╔══

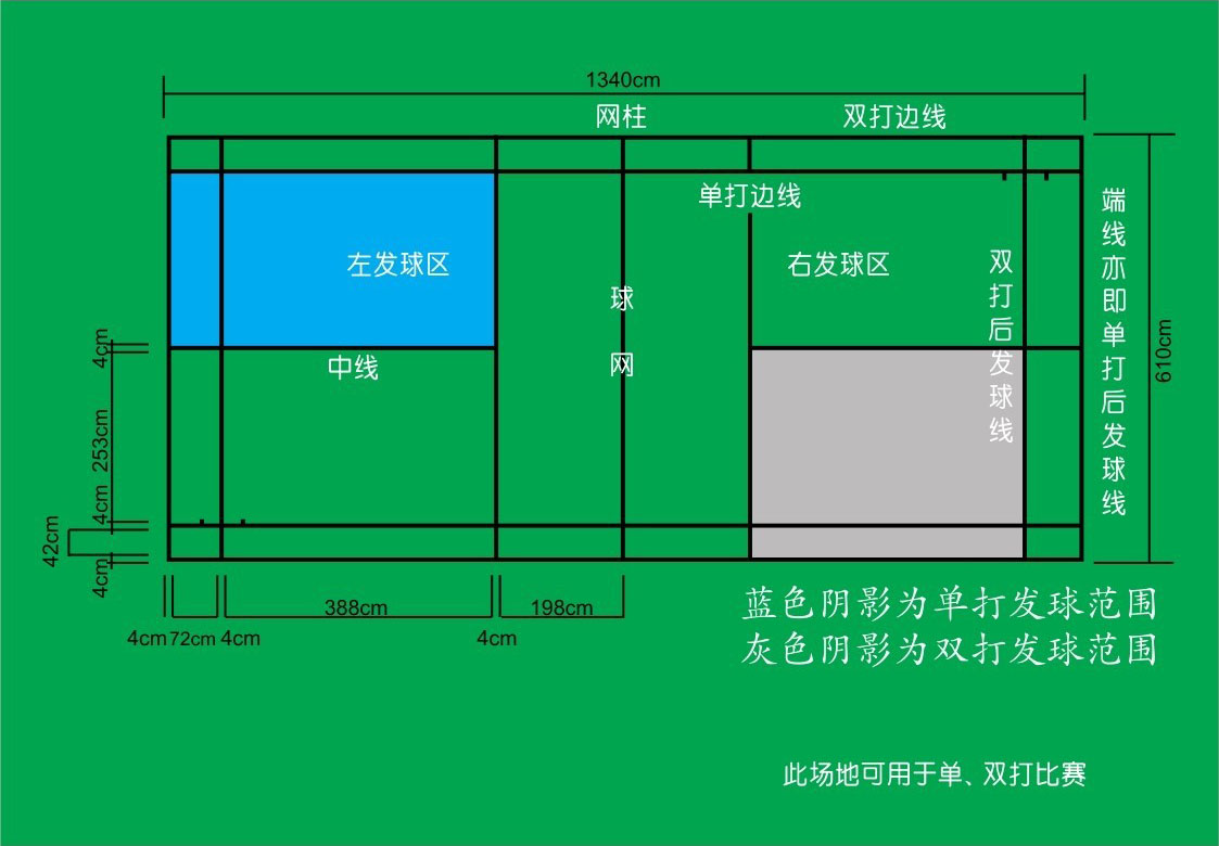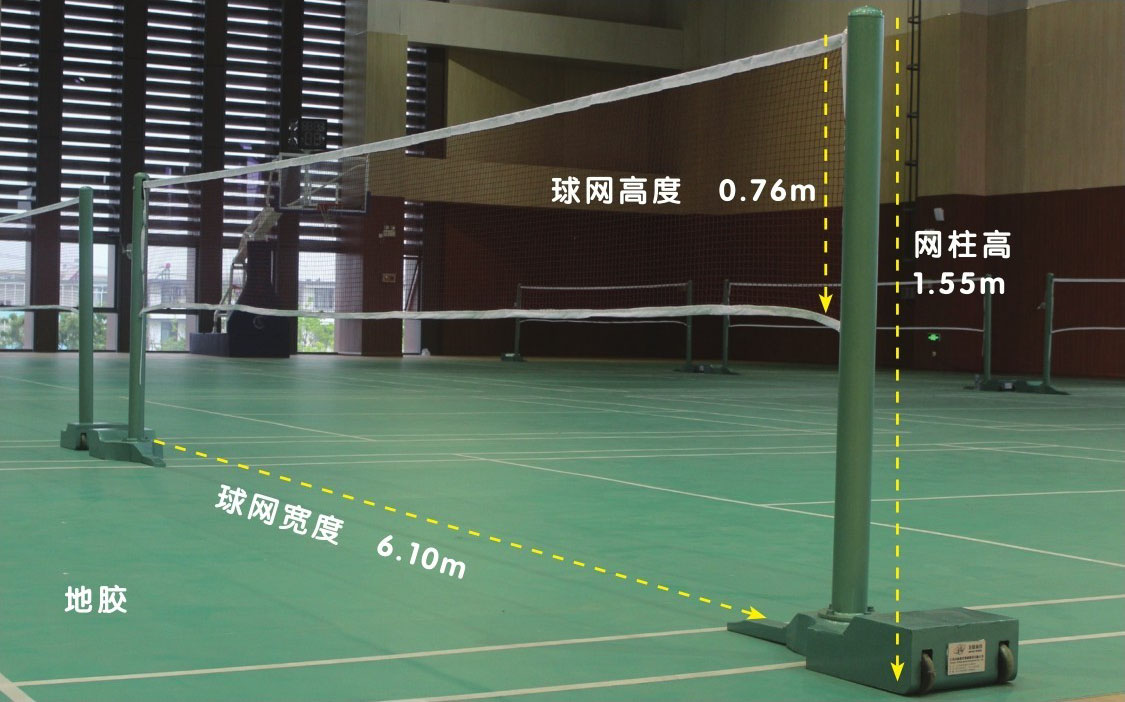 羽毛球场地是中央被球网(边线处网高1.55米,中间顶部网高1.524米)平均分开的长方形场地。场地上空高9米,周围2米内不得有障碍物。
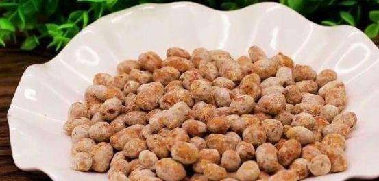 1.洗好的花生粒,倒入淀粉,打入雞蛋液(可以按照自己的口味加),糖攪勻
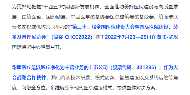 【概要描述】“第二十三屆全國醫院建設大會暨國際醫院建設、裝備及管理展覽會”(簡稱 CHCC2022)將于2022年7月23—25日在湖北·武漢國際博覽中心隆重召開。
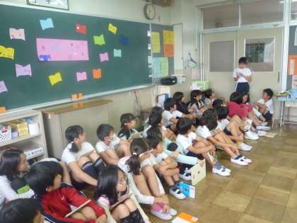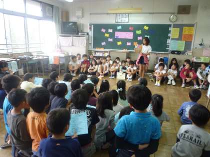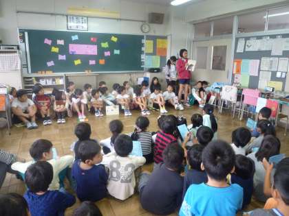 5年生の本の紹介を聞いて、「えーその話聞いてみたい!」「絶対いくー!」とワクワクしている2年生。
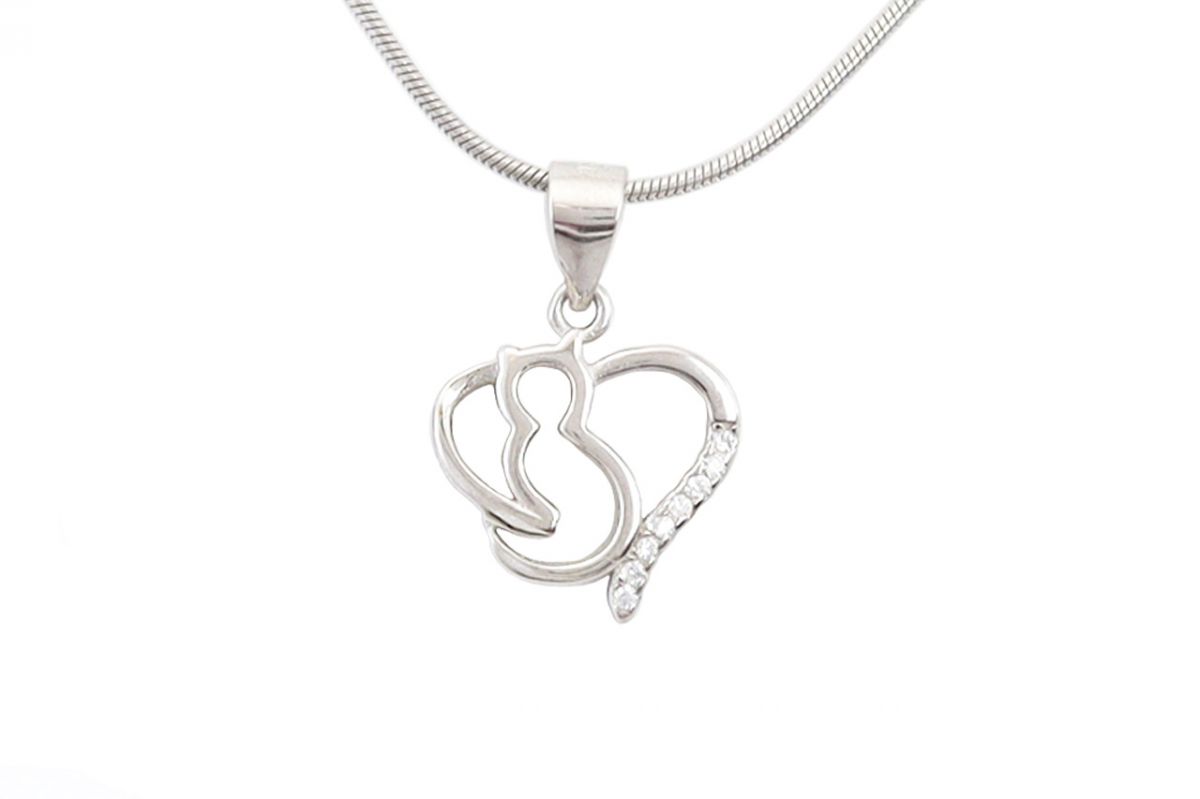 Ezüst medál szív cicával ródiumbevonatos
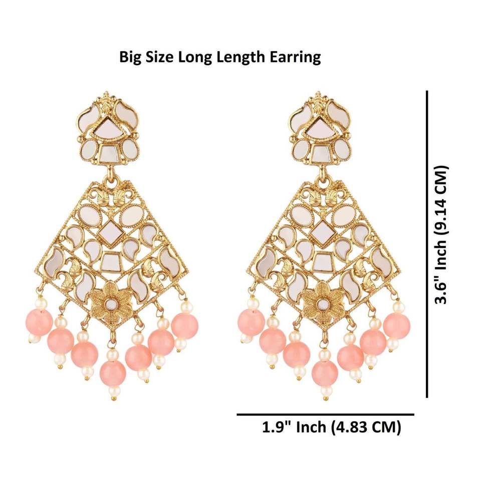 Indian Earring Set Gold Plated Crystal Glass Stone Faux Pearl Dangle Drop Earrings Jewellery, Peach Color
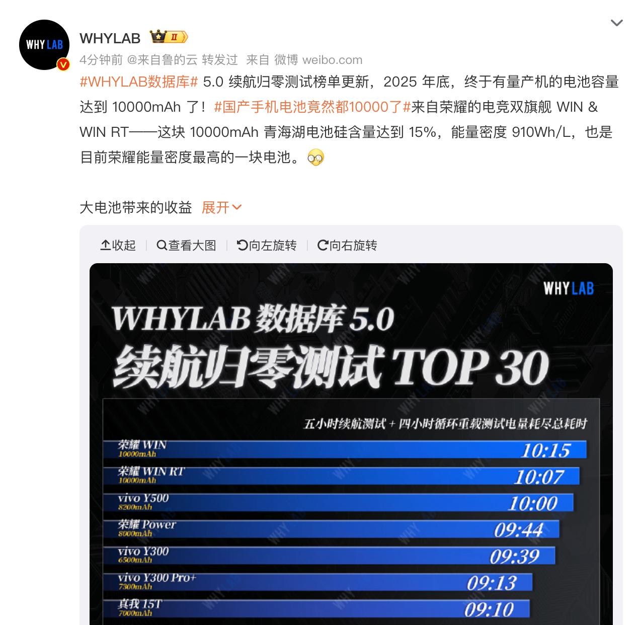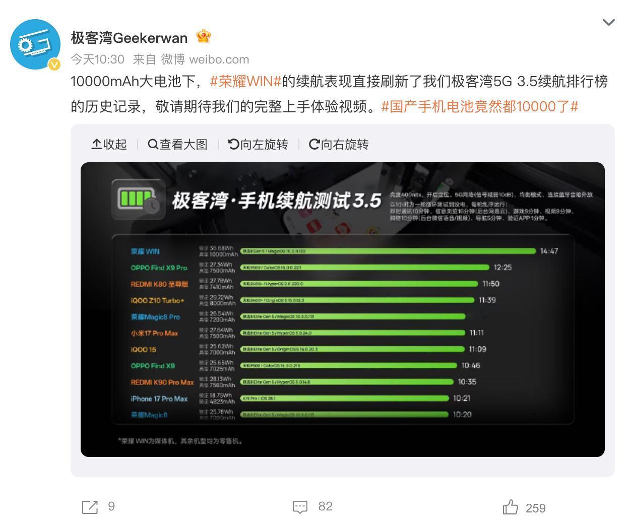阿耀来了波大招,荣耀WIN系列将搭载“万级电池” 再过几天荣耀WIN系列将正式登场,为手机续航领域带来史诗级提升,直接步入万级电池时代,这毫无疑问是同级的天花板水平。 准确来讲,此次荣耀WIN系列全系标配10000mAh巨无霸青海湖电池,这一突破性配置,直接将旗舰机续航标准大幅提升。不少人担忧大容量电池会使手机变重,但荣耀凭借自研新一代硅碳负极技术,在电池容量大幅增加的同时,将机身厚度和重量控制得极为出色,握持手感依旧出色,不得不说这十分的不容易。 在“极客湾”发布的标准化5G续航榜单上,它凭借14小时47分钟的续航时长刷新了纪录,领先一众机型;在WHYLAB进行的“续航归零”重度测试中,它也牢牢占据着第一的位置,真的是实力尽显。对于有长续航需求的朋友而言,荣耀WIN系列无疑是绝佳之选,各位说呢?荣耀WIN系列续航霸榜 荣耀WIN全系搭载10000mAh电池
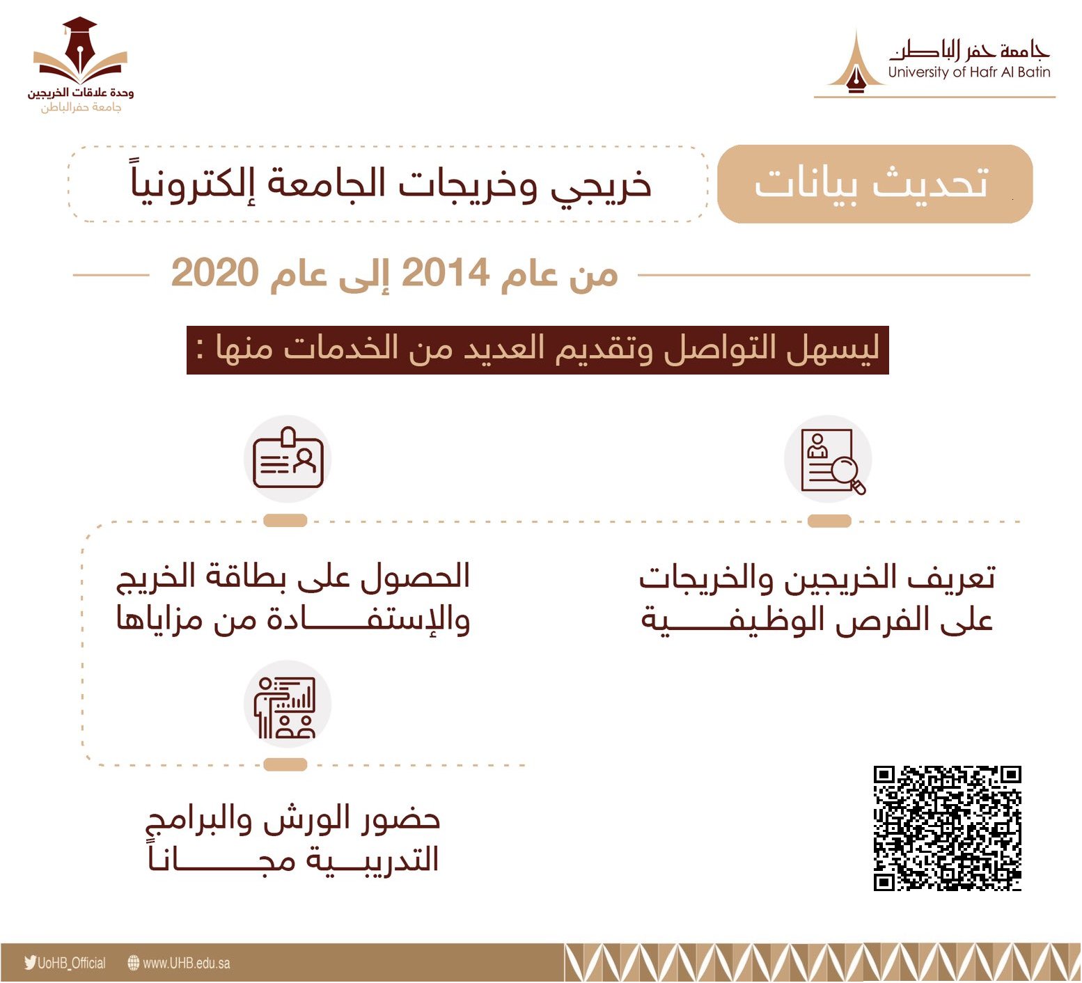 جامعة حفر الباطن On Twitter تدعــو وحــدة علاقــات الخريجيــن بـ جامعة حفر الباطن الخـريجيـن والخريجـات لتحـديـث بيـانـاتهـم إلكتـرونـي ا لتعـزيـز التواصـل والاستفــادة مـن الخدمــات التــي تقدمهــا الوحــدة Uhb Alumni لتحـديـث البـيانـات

╚══

_Instructions for the task_
Output only the stretch above from the line with "1.洗好的花生粒,倒入淀粉,打入雞蛋液(可以按照自己的口味加),糖攪勻" through the line with "Indian Earring Set", reproduced exactly. Exclude pictures.

_Response to the task_
 1.洗好的花生粒,倒入淀粉,打入雞蛋液(可以按照自己的口味加),糖攪勻
 【概要描述】“第二十三屆全國醫院建設大會暨國際醫院建設、裝備及管理展覽會”(簡稱 CHCC2022)將于2022年7月23—25日在湖北·武漢國際博覽中心隆重召開。
 5年生の本の紹介を聞いて、「えーその話聞いてみたい!」「絶対いくー!」とワクワクしている2年生。
 Ezüst medál szív cicával ródiumbevonatos
 Indian Earring Set Gold Plated Crystal Glass Stone Faux Pearl Dangle Drop Earrings Jewellery, Peach Color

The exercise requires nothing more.